Collected data entries
BEGIN

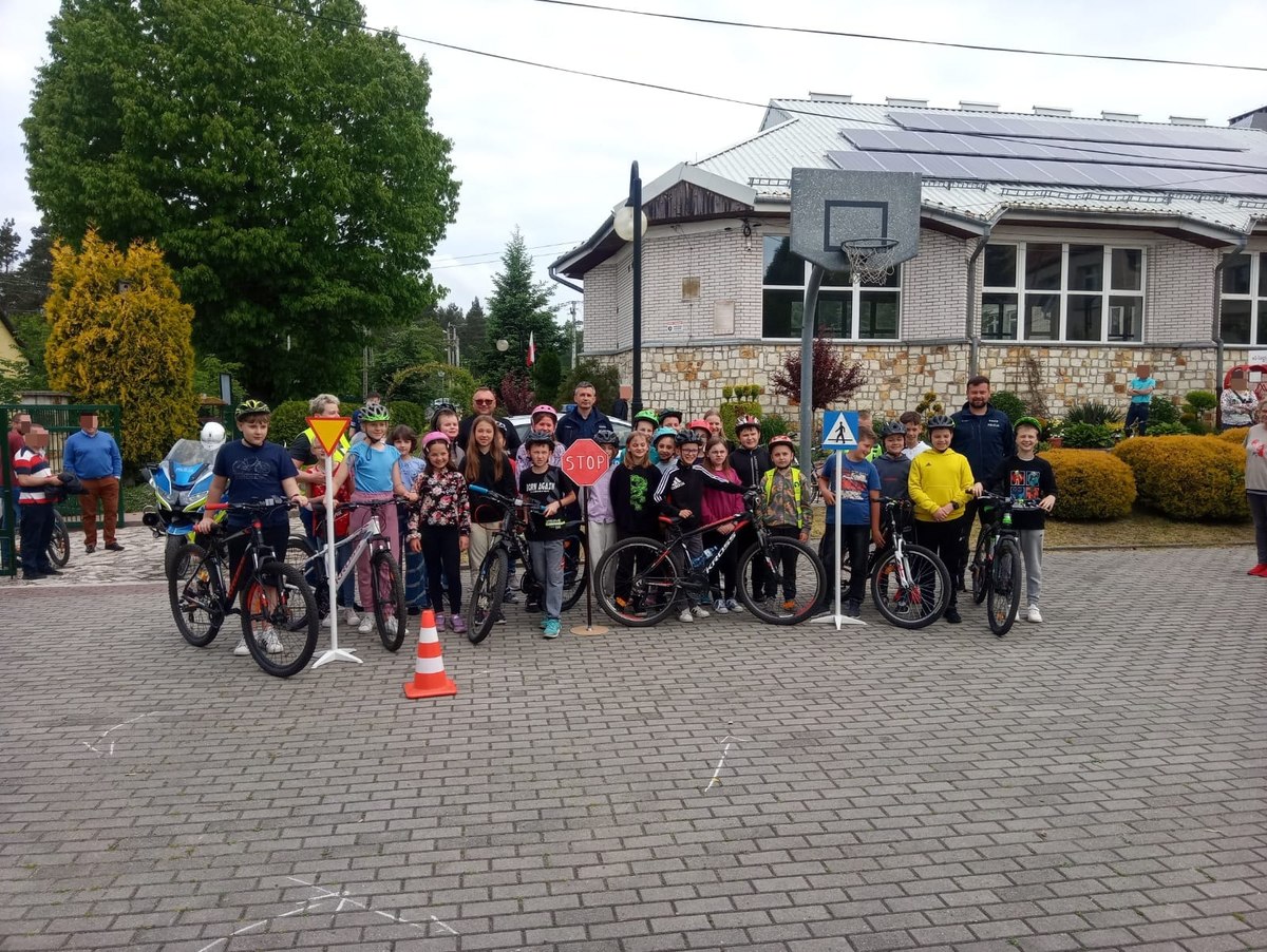 Jeszcze przez przystąpieniem do egzaminu praktycznego jazdy na rowerze, policjanci przypomnieli uczniom o przepisach i zasadach obowiązujących w ruchu drogowym. Udzielili kilku cennych wskazówek m.in. jak bezpiecznie poruszać się na rowerze, jak wygląda obowiązkowe wyposażenie jednośladu, o czym należy pamiętać będąc pełnoprawnym uczestnikiem ruchu drogowego. Mundurowi wspomnieli też o tym, że rowerzyści podobnie jak piesi, należą do grupy niechronionych uczestników ruchu drogowego i muszą szczególnie dbać o swoje bezpieczeństwo.
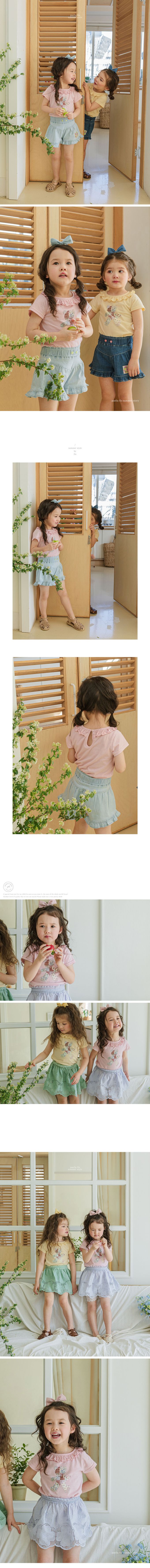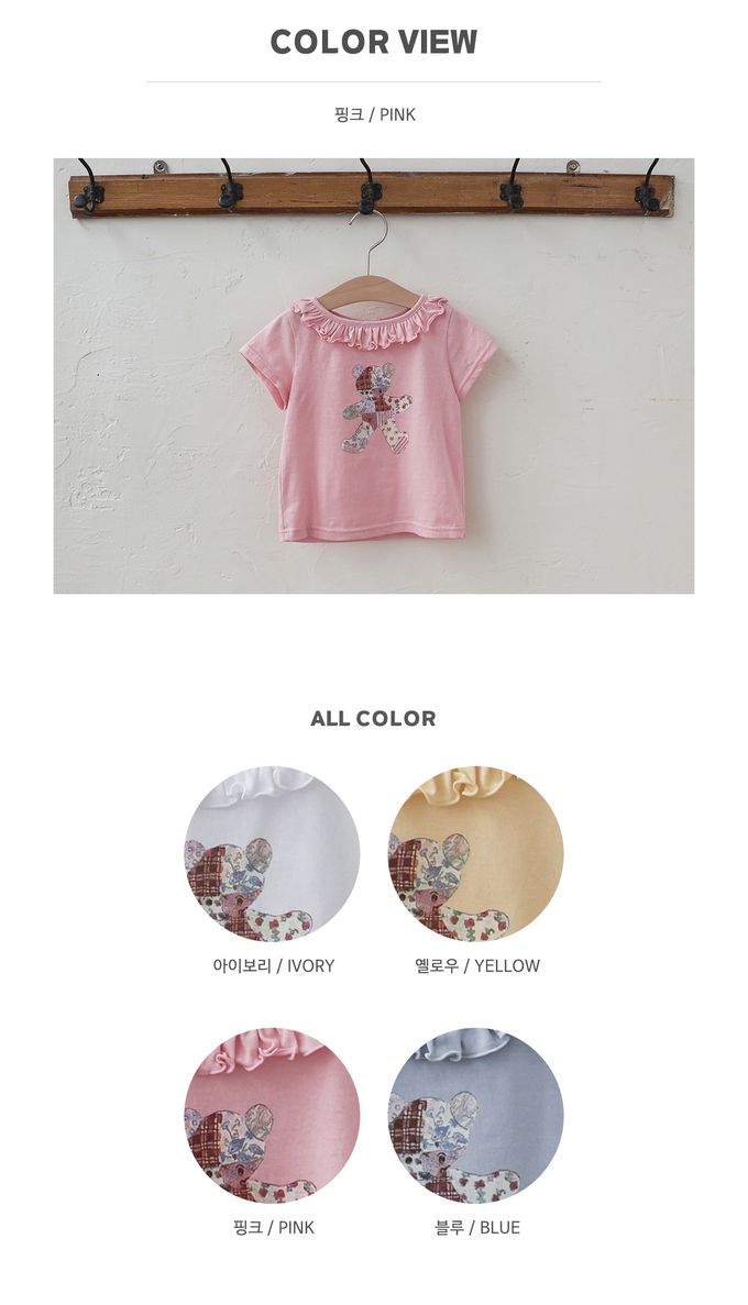 韓國 PuellaFLO - 布偶熊荷葉領點綴短袖上衣-粉
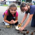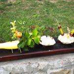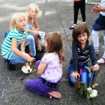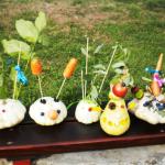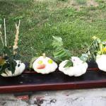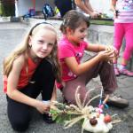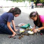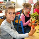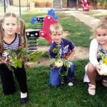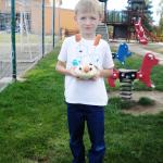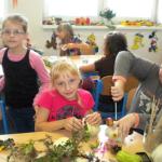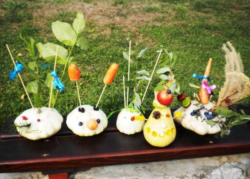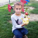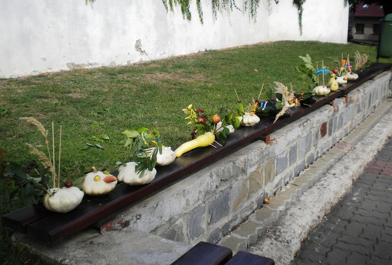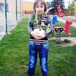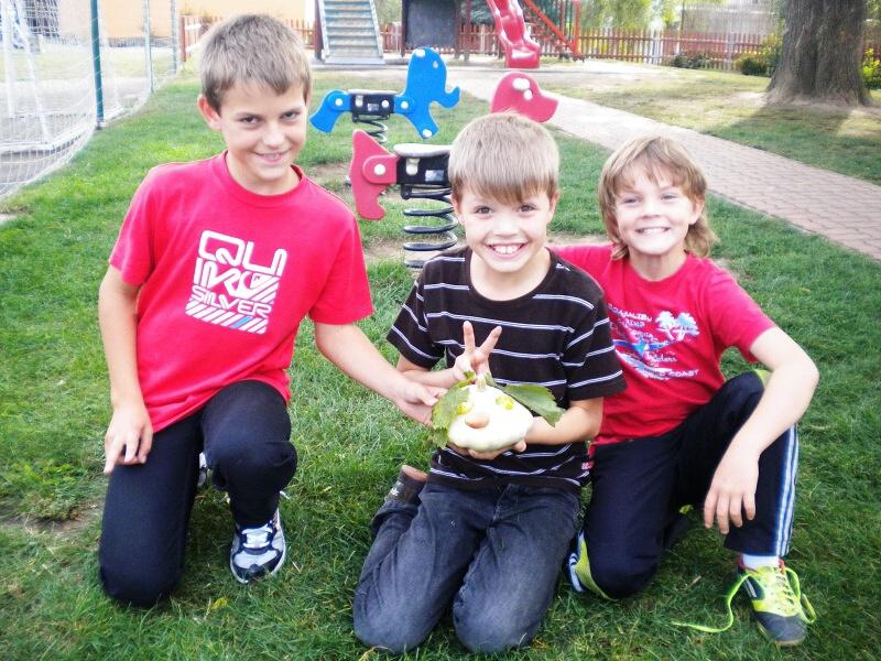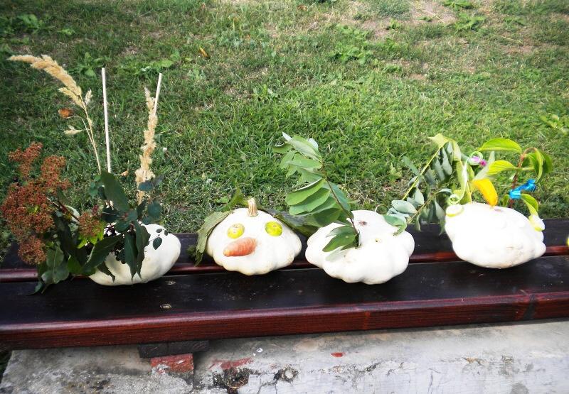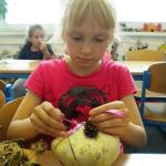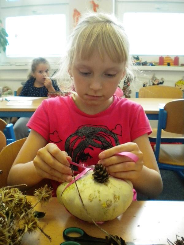 Jako základ pro „podzimníčka „ posloužily malé bílé patizony, které nám ze své zahrádky darovala a až na hřiště přivezla paní Střítecká, za což jí moc děkujeme. Děti se ve skupinkách pustily do tvoření. Pomocnou rukou nám byla i maminka Verunky Ježkové, která pomohla nejenom své dcerce vykouzlit hezkého strašáka, ale také neváhala pomoci ostatním dětem. Zhotovenými „podzimníčky" jsme ozdobili parčík před školou.
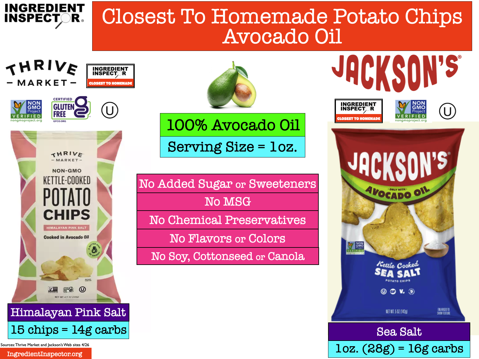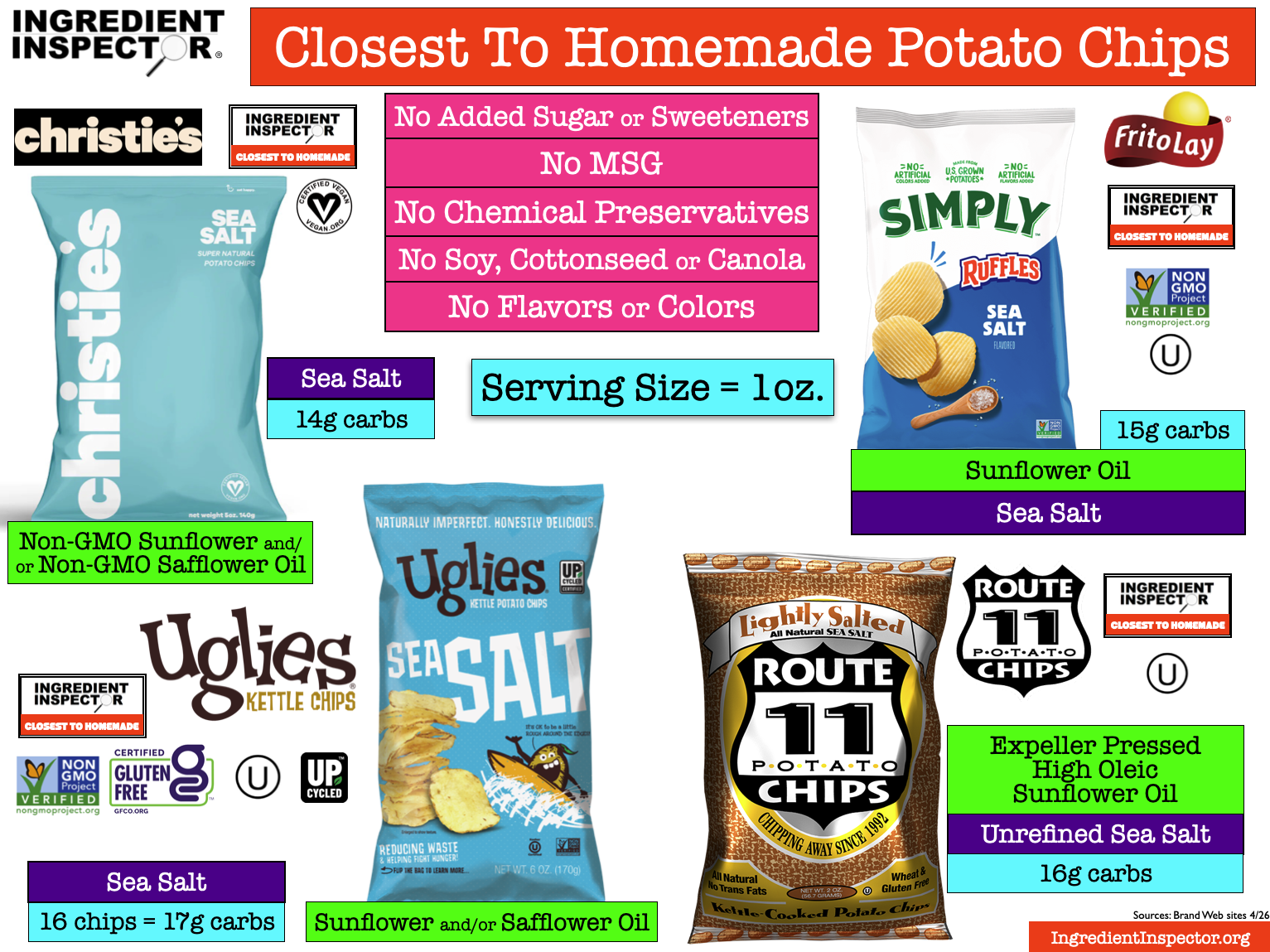 Closest To Homemade POTATO CHIPS: Here are some Plain Potato Chips with Sea Salt or Pink Himalayan Salt which are Closest To Homemade with no added Sugar or Sweeteners, MSG, Chemical Preservatives, Soybean Oil, Cottonseed Oil, Canola Oil, Corn Oil, Flavors or Colors. (Sources: Brand Web sites 4/26)
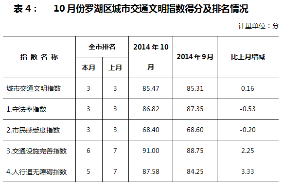 与9月份对比,罗湖区城市交通文明指数增加0.16分,分项指数呈现“二升二降”的现象。由于本月部分监测点隔离设施不完善的问题得到改善,交通设施完善指数因此上升2.25分。同时,部分监测点非机动车乱停放现象有所减少,人行道无障碍指数上升了3.33分。但由于嘉宾路东门南路口等监测点非机动车通行量增加,存在非机动车闯红灯和行走在机动车道的现象,且个别监测点交通管理人员工作不积极,行人闯红灯现象有所增加,守法率指数因此下降0.53分。此外,受部分监测点过往市民对交通文明满意度评价下降的影响,市民感受度指数下降0.20分。具体排名及与上月对比情况(见表4)。

END

What the task requires: Output, line for line and exactly, the records above from their first line through the one with "韓國 PuellaFLO - 布偶熊荷葉領點綴短袖上衣-粉", both ends included, but no pictures.

Result:
 Jeszcze przez przystąpieniem do egzaminu praktycznego jazdy na rowerze, policjanci przypomnieli uczniom o przepisach i zasadach obowiązujących w ruchu drogowym. Udzielili kilku cennych wskazówek m.in. jak bezpiecznie poruszać się na rowerze, jak wygląda obowiązkowe wyposażenie jednośladu, o czym należy pamiętać będąc pełnoprawnym uczestnikiem ruchu drogowego. Mundurowi wspomnieli też o tym, że rowerzyści podobnie jak piesi, należą do grupy niechronionych uczestników ruchu drogowego i muszą szczególnie dbać o swoje bezpieczeństwo.
 韓國 PuellaFLO - 布偶熊荷葉領點綴短袖上衣-粉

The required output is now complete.